Work required: Your copy should hold only the lines from the one with "以下の日程により秋季例大祭を" to the one with "We took Hauptstrassen", both included, each exactly as it stands below, with no pictures.

Extracted information:
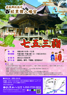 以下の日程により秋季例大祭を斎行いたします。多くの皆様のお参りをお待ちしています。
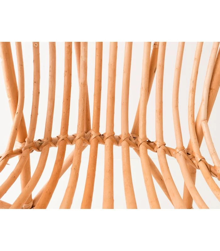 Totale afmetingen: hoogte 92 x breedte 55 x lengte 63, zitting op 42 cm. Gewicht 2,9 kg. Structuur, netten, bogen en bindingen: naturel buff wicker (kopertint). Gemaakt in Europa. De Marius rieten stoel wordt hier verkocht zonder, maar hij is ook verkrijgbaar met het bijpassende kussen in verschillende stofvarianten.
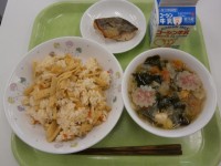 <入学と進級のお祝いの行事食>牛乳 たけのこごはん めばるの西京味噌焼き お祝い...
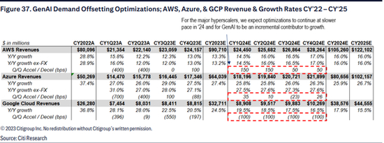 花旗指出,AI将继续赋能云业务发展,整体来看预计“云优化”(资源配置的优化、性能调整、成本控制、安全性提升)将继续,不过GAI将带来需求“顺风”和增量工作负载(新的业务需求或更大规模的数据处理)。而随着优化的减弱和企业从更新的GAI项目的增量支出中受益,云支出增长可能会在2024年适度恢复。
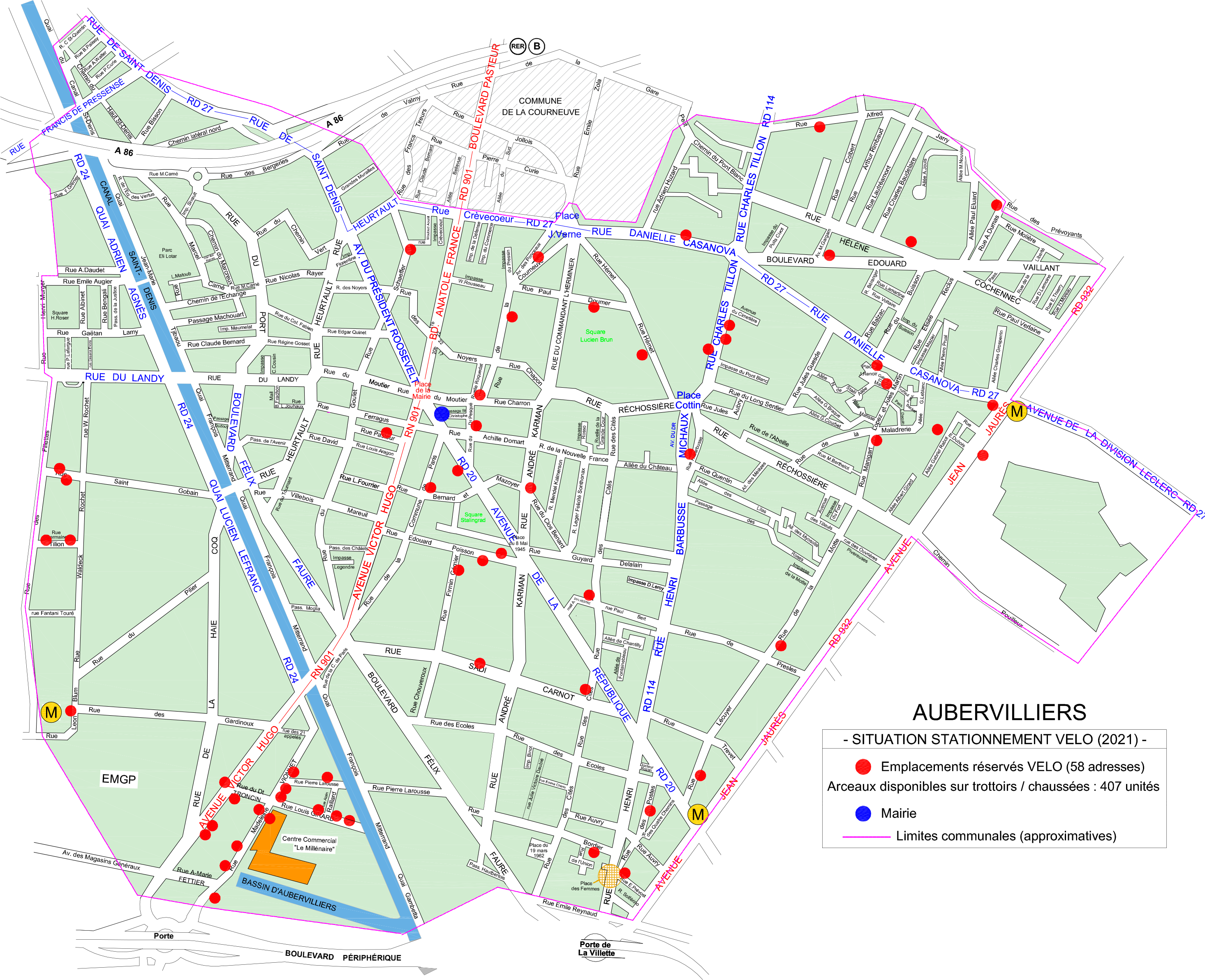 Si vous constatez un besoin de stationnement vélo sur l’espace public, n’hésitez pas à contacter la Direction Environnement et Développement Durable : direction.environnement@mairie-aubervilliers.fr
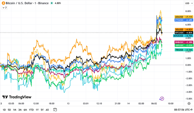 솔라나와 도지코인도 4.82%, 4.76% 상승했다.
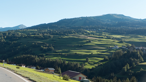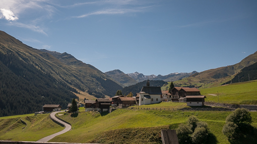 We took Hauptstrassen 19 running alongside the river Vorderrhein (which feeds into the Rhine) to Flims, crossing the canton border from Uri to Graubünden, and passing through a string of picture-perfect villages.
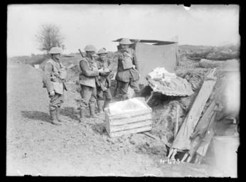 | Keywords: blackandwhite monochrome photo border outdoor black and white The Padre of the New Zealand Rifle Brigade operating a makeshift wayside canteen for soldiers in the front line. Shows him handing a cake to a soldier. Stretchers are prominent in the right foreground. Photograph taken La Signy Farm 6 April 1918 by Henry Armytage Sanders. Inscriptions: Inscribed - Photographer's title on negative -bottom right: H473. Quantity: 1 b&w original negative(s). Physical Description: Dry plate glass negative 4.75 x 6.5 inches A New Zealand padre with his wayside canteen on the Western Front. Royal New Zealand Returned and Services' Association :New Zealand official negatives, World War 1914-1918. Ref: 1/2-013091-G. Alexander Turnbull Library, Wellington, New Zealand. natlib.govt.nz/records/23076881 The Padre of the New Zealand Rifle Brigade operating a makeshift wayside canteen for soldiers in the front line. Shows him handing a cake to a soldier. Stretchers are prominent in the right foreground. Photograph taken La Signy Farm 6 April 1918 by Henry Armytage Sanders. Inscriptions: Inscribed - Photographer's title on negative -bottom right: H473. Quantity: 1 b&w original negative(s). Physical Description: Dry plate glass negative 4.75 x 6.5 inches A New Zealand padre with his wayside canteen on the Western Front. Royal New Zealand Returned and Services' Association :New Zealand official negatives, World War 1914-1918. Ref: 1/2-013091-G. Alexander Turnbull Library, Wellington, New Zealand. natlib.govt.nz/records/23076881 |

---

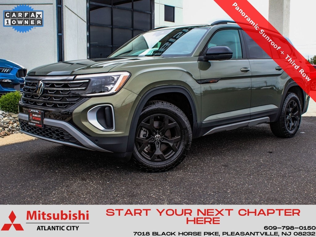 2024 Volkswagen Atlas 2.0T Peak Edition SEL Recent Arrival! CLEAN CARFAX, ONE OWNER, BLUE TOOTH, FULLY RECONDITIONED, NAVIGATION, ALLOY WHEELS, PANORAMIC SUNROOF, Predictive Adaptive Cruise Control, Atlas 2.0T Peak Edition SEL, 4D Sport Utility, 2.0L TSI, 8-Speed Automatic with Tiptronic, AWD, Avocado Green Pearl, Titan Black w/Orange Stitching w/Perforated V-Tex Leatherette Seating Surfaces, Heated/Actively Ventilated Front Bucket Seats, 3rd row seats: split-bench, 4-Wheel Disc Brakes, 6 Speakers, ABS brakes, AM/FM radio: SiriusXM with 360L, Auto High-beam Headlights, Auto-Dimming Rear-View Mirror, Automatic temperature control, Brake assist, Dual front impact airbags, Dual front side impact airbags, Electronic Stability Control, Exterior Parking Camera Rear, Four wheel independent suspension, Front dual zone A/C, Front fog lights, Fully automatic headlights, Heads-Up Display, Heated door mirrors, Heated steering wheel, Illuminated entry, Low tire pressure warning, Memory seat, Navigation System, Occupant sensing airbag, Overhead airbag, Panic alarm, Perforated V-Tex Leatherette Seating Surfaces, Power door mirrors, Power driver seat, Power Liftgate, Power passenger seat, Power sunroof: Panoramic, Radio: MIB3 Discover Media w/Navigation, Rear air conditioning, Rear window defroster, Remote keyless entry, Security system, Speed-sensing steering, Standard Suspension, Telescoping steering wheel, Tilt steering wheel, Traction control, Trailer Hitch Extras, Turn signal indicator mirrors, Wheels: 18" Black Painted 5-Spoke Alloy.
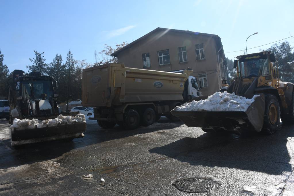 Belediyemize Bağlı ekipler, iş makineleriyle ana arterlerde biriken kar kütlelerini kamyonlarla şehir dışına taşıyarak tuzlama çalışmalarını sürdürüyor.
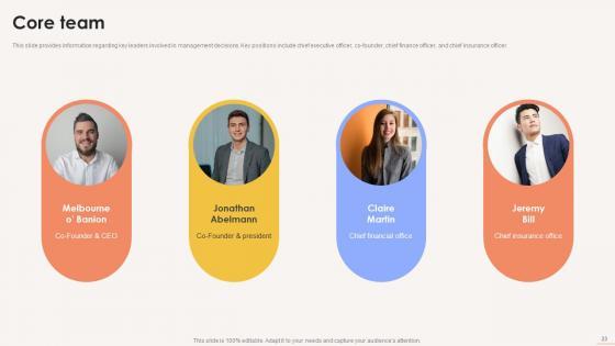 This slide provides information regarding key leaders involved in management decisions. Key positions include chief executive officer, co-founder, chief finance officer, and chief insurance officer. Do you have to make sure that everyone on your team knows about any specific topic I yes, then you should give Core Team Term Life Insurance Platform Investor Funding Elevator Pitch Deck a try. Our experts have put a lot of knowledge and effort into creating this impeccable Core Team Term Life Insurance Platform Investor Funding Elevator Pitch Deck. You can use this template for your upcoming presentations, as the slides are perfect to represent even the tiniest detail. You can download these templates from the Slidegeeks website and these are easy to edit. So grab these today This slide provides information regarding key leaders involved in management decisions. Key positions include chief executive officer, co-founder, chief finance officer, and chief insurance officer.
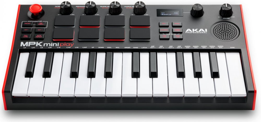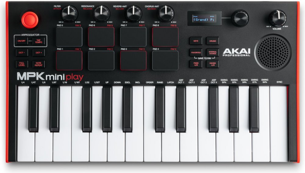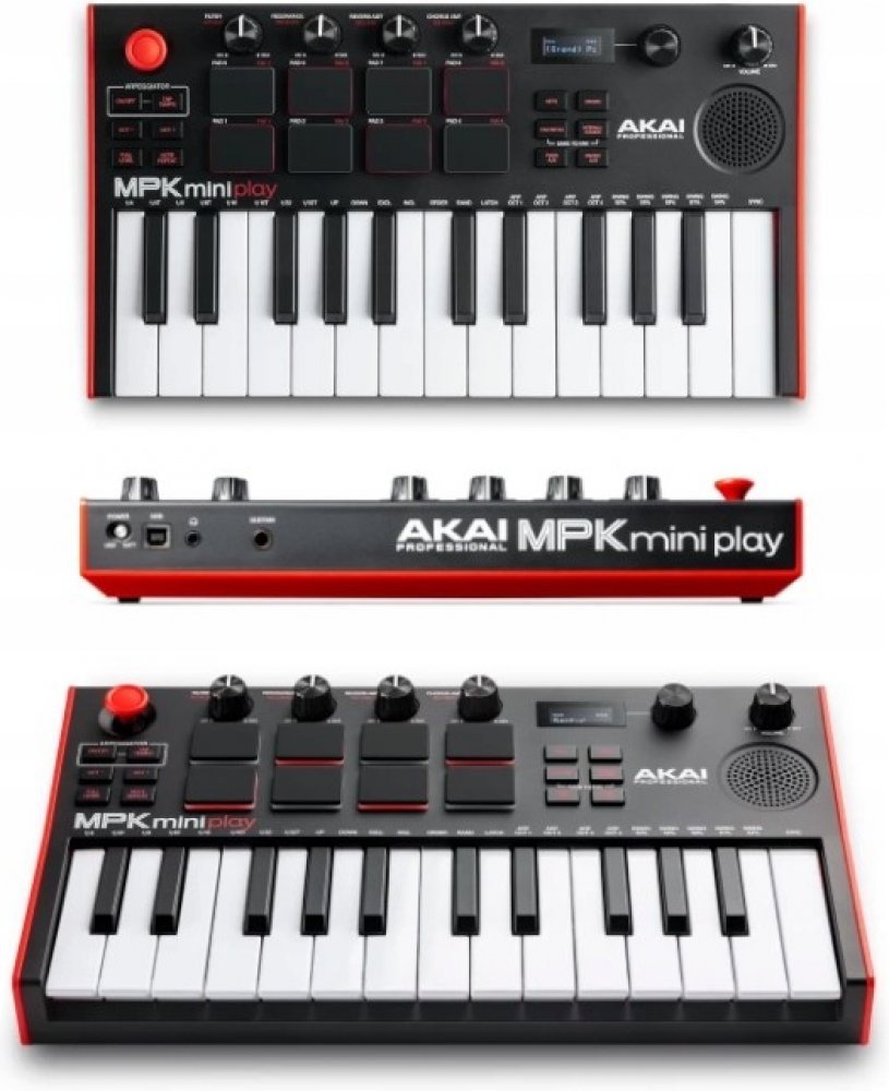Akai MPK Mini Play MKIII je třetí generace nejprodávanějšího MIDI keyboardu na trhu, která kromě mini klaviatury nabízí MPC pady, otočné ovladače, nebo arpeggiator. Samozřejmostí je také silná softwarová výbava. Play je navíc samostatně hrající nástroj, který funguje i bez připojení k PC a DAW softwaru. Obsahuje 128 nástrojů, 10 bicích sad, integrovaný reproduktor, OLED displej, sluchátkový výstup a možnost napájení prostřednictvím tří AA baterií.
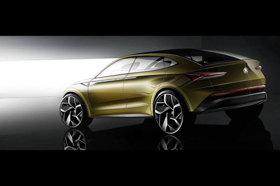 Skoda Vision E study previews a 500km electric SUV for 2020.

==

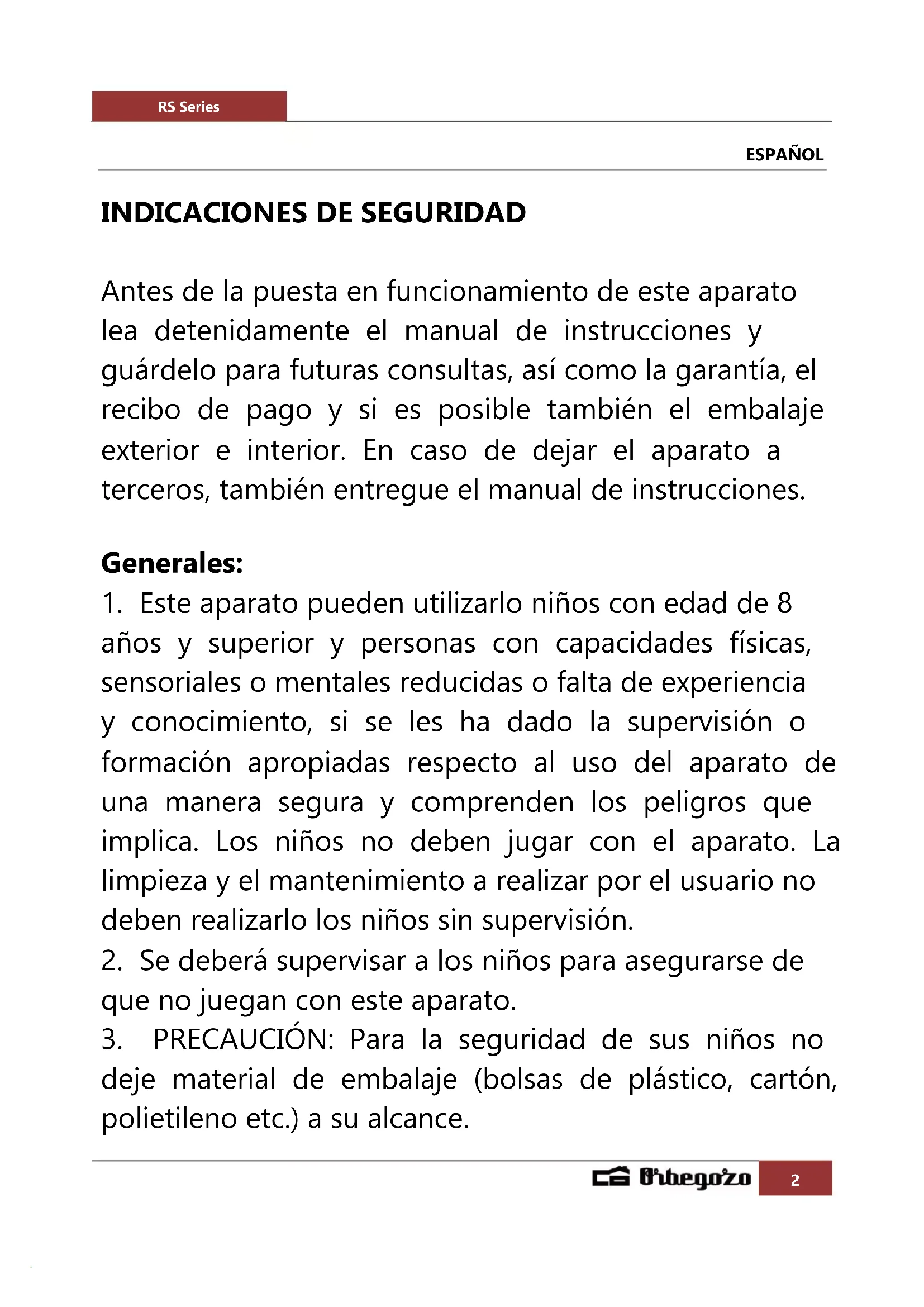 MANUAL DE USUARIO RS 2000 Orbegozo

Answer to this problem:
 以下の日程により秋季例大祭を斎行いたします。多くの皆様のお参りをお待ちしています。
 Totale afmetingen: hoogte 92 x breedte 55 x lengte 63, zitting op 42 cm. Gewicht 2,9 kg. Structuur, netten, bogen en bindingen: naturel buff wicker (kopertint). Gemaakt in Europa. De Marius rieten stoel wordt hier verkocht zonder, maar hij is ook verkrijgbaar met het bijpassende kussen in verschillende stofvarianten.
 <入学と進級のお祝いの行事食>牛乳 たけのこごはん めばるの西京味噌焼き お祝い...
 花旗指出,AI将继续赋能云业务发展,整体来看预计“云优化”(资源配置的优化、性能调整、成本控制、安全性提升)将继续,不过GAI将带来需求“顺风”和增量工作负载(新的业务需求或更大规模的数据处理)。而随着优化的减弱和企业从更新的GAI项目的增量支出中受益,云支出增长可能会在2024年适度恢复。
 Si vous constatez un besoin de stationnement vélo sur l’espace public, n’hésitez pas à contacter la Direction Environnement et Développement Durable : direction.environnement@mairie-aubervilliers.fr
 솔라나와 도지코인도 4.82%, 4.76% 상승했다.
 We took Hauptstrassen 19 running alongside the river Vorderrhein (which feeds into the Rhine) to Flims, crossing the canton border from Uri to Graubünden, and passing through a string of picture-perfect villages.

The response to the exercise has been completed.